Lunes, medianoche. Hoy camine una hora y media por el barrio. Me iba imaginando cómo sería vivir en las casas que me gustaban. Algo que hago desde siempre. Pero esta noche me impuse una variación, ¿cómo sería leer en esas casas? ¿Qué tipo de lector sería? Siempre me imaginé como un lector mejor. Cuando me forcé a imaginarme como un lector peor, no saqué nada en limpio. Al lector humilde siempre le queda mucho por recorrer, por mejorar, y su narcisismo también lo traiciona. Me gustó evaluar las ventanas por su iluminación. Hay mucha iluminación decimonónica en Caballito y Villa Crespo. Compré dos libros.

Martes. Lo clásico y lo romántico, y también lo barroco, no son conceptos en sí mismos. Son conjuntos de conceptos que se combinan, se ordenan y se desordenan cuando se tocan y se roza. Al mismo tiempo parecen vectores, líneas de acción que a veces se aceleran, se ralentizan, se tuercen, se rectifican, se condicionan.

Miércoles. Mario Volpe me hizo conocer un poema de Ungaretti que habla de los soldados. También me habló de la Liquidambar que se pone roja en abril, que fue el mes en que los argentinos fueron a Malvinas. El poema dice “Si sta/ come d’autunno/ sugli alberi/ le foglie.” Solo eso. Pero es mucho.

Jueves. Leyendo sobre la cultura y liturgia selknam. Más tarde, Mavrakis me escribe: “Los diarios venden historias de discapacidad física y mental y el gobierno transmite por Snapchat. El desenlace te sorprenderá.” Leo una carta de Baudelaire a Wagner. Está fechada el viernes, 17 de febrero de 1860. Baudelaire le dice que cuando está abatido piensa: “Si, au moins, je pouvais entendre ce soir un peu de Wagner!” Al cartero le quemaba el sobre en la mano. Imaginarlo a Baudelaire en un cafetín de París, con el invierno afuera, concentrado en la redacción a mano de esa carta me emociona.

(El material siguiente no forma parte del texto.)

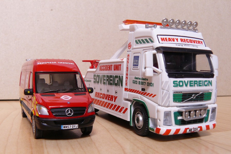 | Details: Model maker Oxford Diecast recently released a 1:76 replica of a Volvo tow truck in the familiar livery of Sovereign Recovery. Mainly metal with some plastic detail parts, this is an excellent model with some very fine printing. Apart from not exactly matching the real N8SOV the only other issue is a poor fit on some of the plastic parts (such as the front lights seen here). It was posed alongside Creative Master Northcord's Mercedes IRU van. | ||||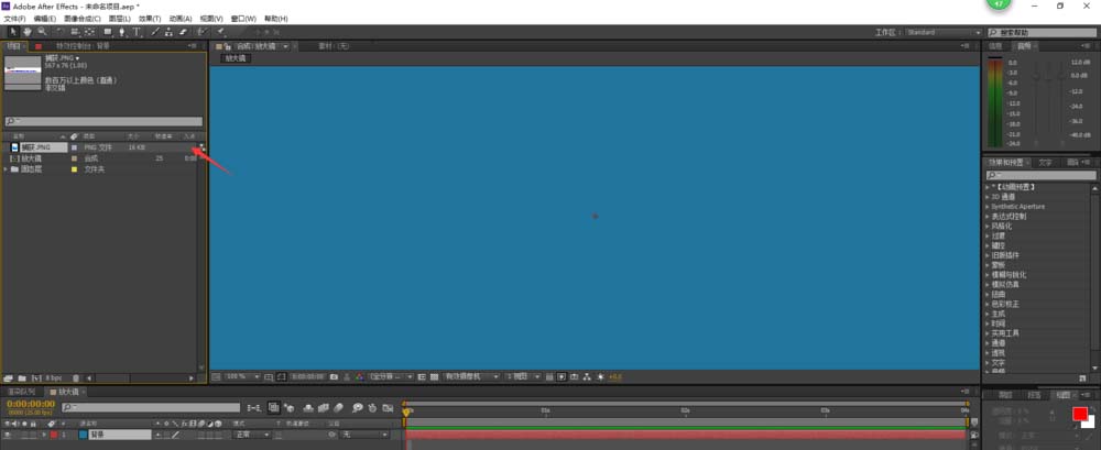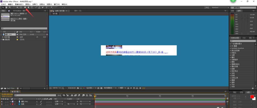4、然后我们将素材拖动至合成的上方,也就是将我们的素材放到合成当中。(这里的素材我用文字素材,是为了效果更加明显,在实际操作中其他图片也是可以 的。)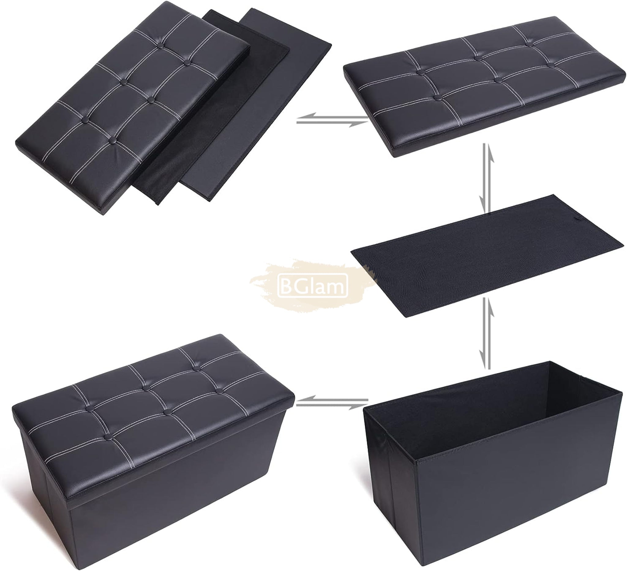 Folding Square Ottoman with Storage | Black | 36*36*36cm
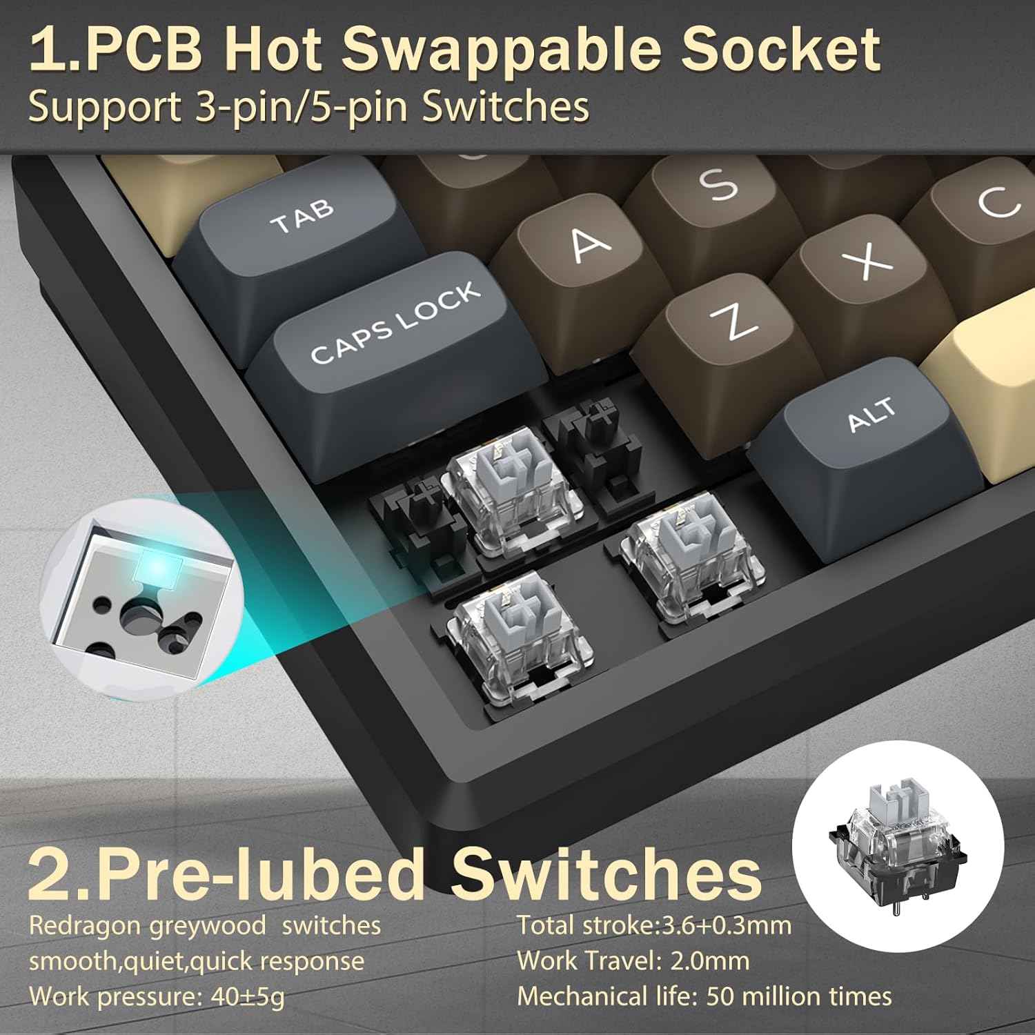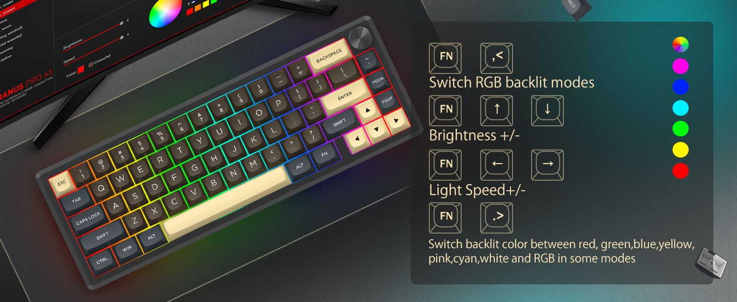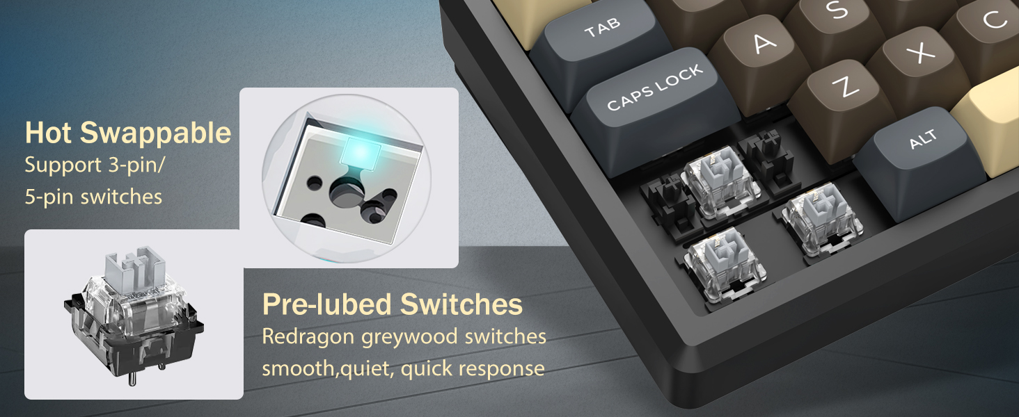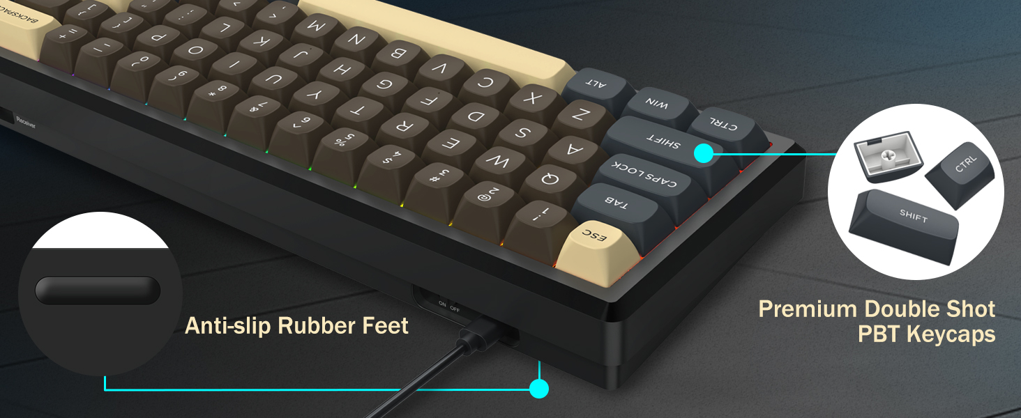 Sa 60% na layout nito, inaalis ng keyboard na ito ang mga hindi mahahalagang key habang pinapanatili ang pangunahing functionality sa pamamagitan ng mga kumbinasyon ng key. Nakakatulong ang disenyong ito na bawasan ang kalat ng mesa at nagbibigay ng mas maraming puwang para sa paggalaw ng mouse, na ginagawa itong angkop para sa parehong mga kapaligiran sa paglalaro at pagiging produktibo.

Jueves, más tarde. Tengo que usar menos palabras. Acá, en este diario, y en todas partes en general. Menos palabras. Más tarde. Empiezo a leer Diálogos en campo enemigo, la entrevista que le hicieron los de El ojo mocho a Fogwill a fines de los años 90, pero en una versión extendida para libro. En teoría es toda la conversación. Al igual que Los libros de la guerra, tiene algo bastante adictivo. Por momentos parece el monólogo de un cocainómano desatado, sostenido en su punto más alto con algunas intervenciones de Horacio González, o Rinesi, o Ferrer, como para que Fogwill no empiece a pegarse la cara contra la mesa. El mismo Fogwill lo dice, su estilo es charlas de mamado. De mamado violento y lúcido. Hasta ahora todo se resume en un pedido de Fogwill a las ciencias sociales. Les pide que enseñen un materialismo histórico básico, directo, simple y no empañado de boludeces y afectaciones con el fin de poder leer las instituciones humanas. Desde luego, todo eso enrarecido, acelerado y enturbiado por los pliegues de la lengua y la velocidad de la droga, mental o física, de Fogwill.

Viernes. Viaje inminente. Pasé por el scanner mi pasaporte y vi mi cara y me di cuenta de que si el pasaporte es argentino, yo tengo también cara de argentino. Hay mucho de italiano y de eslavo pero lo que termina de definir todo es la cabeza y la frente vasca, el pelo cobrizo, la piel blanca, los rasgos estirados, los ojos caídos, tristes, perrunos. Creo que para los porteños la geografía es muy importante. La promesa de desierto, de río, de mar, de llanura, nos conmueve. Y toda es mezcla y esa esperanza americana también se puede ver en nuestras caras.